しかし、なにも起こらなかった。俺は身体の確認をし、傷の有無を確かめた。無傷である。どうやら、ペルソナの特性はこちら側でも通じるようだ。
「直撃したはずなのだが……」
「ああ、した」
俺は無傷で空から降りてきたガキに言ってやった。
「ならば、どうしてダメージがないのか気になるが、それは後で調べることにするか」
「後で―――だあ!?」
会話でロボットのことを忘れていた。
俺は背後から羽交い絞めにされてしまった。このロボットの力は尋常じゃない。ペルソナをつけているから骨を折られるようなことはないが、痛みは緩和されない。ギチギチと両肩の骨が悲鳴を上げている。
「とりあえず連行させてもらうぞ、ぼーや」
坊やか、まるで上から見下ろしているみたいじゃないかこのクソガキ。アキに口調は似ていないが、どうしても交際範囲が狭かったせいなのかあれに見えて仕方がない。
そのせいでか、負けたくないという感情がフツフツと沸きだってきた。
ガキがニヤリと口元を上げた。
「そんなに睨んでも、いまの貴様はどうしようもないだろ? んん?」
やけに尖った犬歯を覗かせ、ガキは俺の鼻を人差し指でなでた。俺はその余裕綽々な、美麗な顔に唾を吐いてやった。

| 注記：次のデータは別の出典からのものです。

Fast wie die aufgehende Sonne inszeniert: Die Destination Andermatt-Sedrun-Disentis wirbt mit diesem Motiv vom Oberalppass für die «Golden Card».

瞬間、平手打ちが飛んできた。避けられるわけもなかった。
ガキは自身のマントで俺の唾をぬぐった。
「たいした度胸だ。この闇の福音に唾を吐くとはな。少々、ほんの少々だが、気に入ったぞ」
「それはどうも。ならとっとと開放してほしいんだが」
「だめだ。この私に無礼な働きをしたのだ。後悔しながら苦痛に喘げ。茶々丸、やってしまえ」
「了解しました」
後ろのロボット、茶々丸というのがガキの言葉の後に力を強めてきた。徐々に痛みが強まり、骨の悲鳴も大きくなってきた。このままでは骨折するだろう。
だが、大人しくしている馬鹿じゃない。
「チェンジ、青龍。食らいなクソガキ」
「……何をする気だ!」
もう遅い。
後悔しながら苦痛に喘げ。
「ジオダイン!」
俺とロボット、そしてクソガキの三人を局地的雷雨が襲った。
死ぬほど効いた。俺自身に。しかし、まだかろうじて意識が残っている。
俺はロボットの腕を解き、地面にぶっ倒れているクソガキを拾い上げると、ギロリと睨み上げてきた。こいつもなかなか強い。

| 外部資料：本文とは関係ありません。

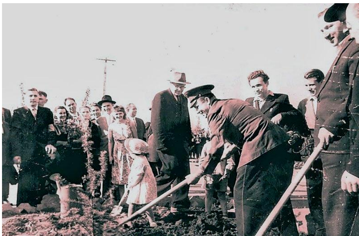
Ю. Гагарин в парке Индустриального района. 29 мая 1962 г.
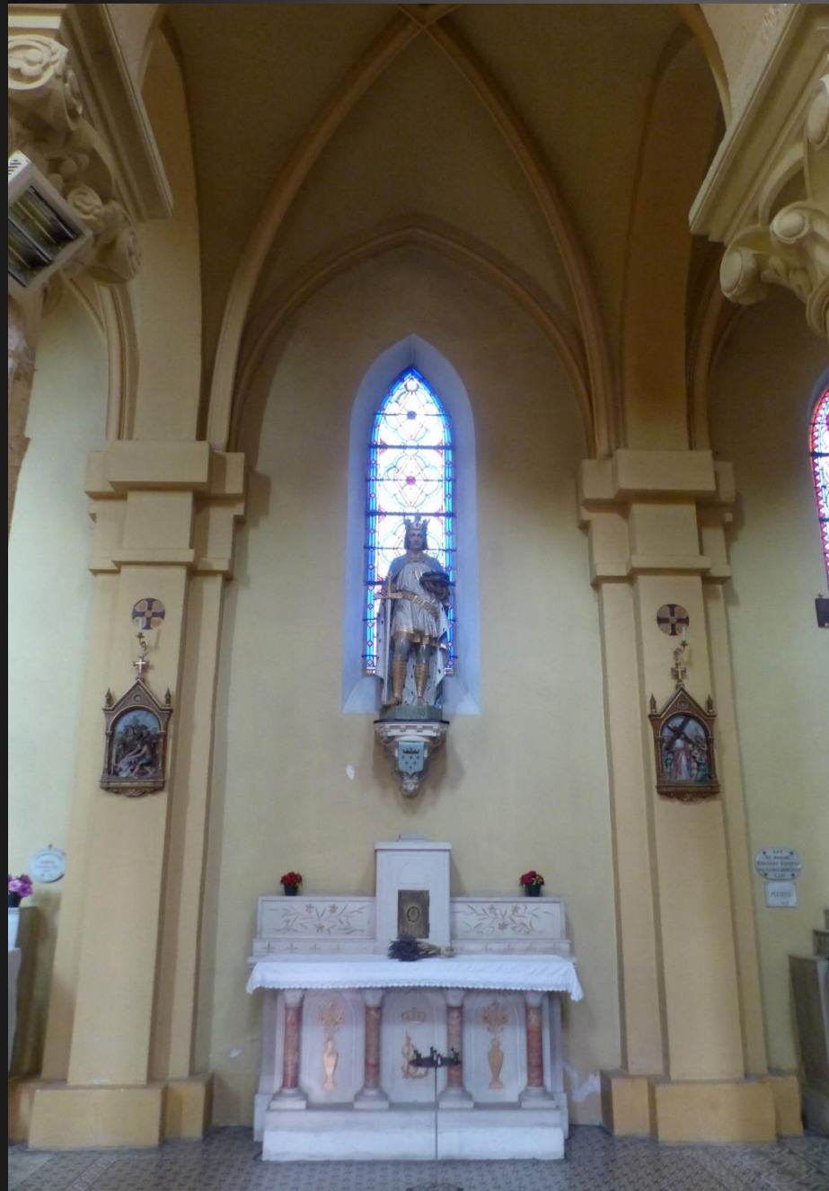
Autel de Saint Louis, Roi de France (1214-1270), Il mène un règne inspiré des valeurs du christianisme qui fonde l'idée que les pouvoirs spirituel et politique peuvent être incarnés par un seul homme.

「き、さま……いまのはなんだ。あんな、魔法、知らない」
「教えてやる義理はないだろ。なにせいきなり殺されかけたんだからな」
「こ、この……」
言葉を続ける事ができずに、クソガキは気絶した。
さて、これからどうするか。
こんな口ぶりをしている俺も実は結構なダメージがある。全身には痺れがあり、背中から踵に向かっては泣きたくなる痛みが走っている。おそらく、やけどだろう。薬局にいけば宝玉でも売っているかもしれないが、現在無一文だ。どうにもできない。
そうやって数分、俺が悩んでいると横手からしわがれた声が聞こえてきた。
「見つけましたぞ、和也様」
振り向いたら、鼻が長く伸びている頭の禿げ上がったとても人間とは思えないやつがいた。悪魔ってわけじゃなさそうだが、どうして俺の名前を知っているのか。俺はそのことについて尋ねた。
「私はフィレモン様の使いでイゴールと申します。とりあえず、その少女を放してどうぞおかけになってください」
どこにと、そんな返答をする暇もなく、一瞬で俺がいたところは青一面の大きな部屋になっていた。
部屋にはイゴールと名乗った男のほかに目隠しをしてピアノを弾く男と、歌っている女がいる。その二人の奏でる音楽はこの俺の心を落ち着かせて、さっきまでのこのガキに対しての憤りなんかも静ませてくれた。
「紅茶でよろしいでしょうか」
「あ、ああ」
戸惑いはあったがまずはガキとロボットをソファに上げておいてから俺も座り、出された紅茶を頂いた。美味いもんなんだな。初めて飲むものが嫌悪ではなく喜びの感情を引きずり出してくれるのはありがたい。
「藤堂様、これを」
イゴールは宝玉を三個、懐から出してきた。早速自分に使った。宝玉が光を放出し、痺れと背中の痛みを取り去ってくれた。クソガキにも使うと、目に見える外傷はないから分かりにくいが顔色から治癒されていくことがわかった。続けてロボットにも使用すると先ほどと同じく光を放出する。
「効いてんのか?」
「問題ありません。これほど精巧に作られた人形はもはや人と違いはさほどありませんので」
「そういうもんか。おい、もう起きてんだろうがクソガキ」
俺が金の頭をぺしぺし叩くと、クソガキはむくりと体を起こした。
「……誰がクソガキか、私はエヴァンジェリンだ。茶々丸、大丈夫か」
「はい。損傷は修復されました」
ロボットのほうも大丈夫なようだった。二人は起き上がって部屋を観察したあと俺のほうに顔を向けてきた。
さて、これからどうなることやら。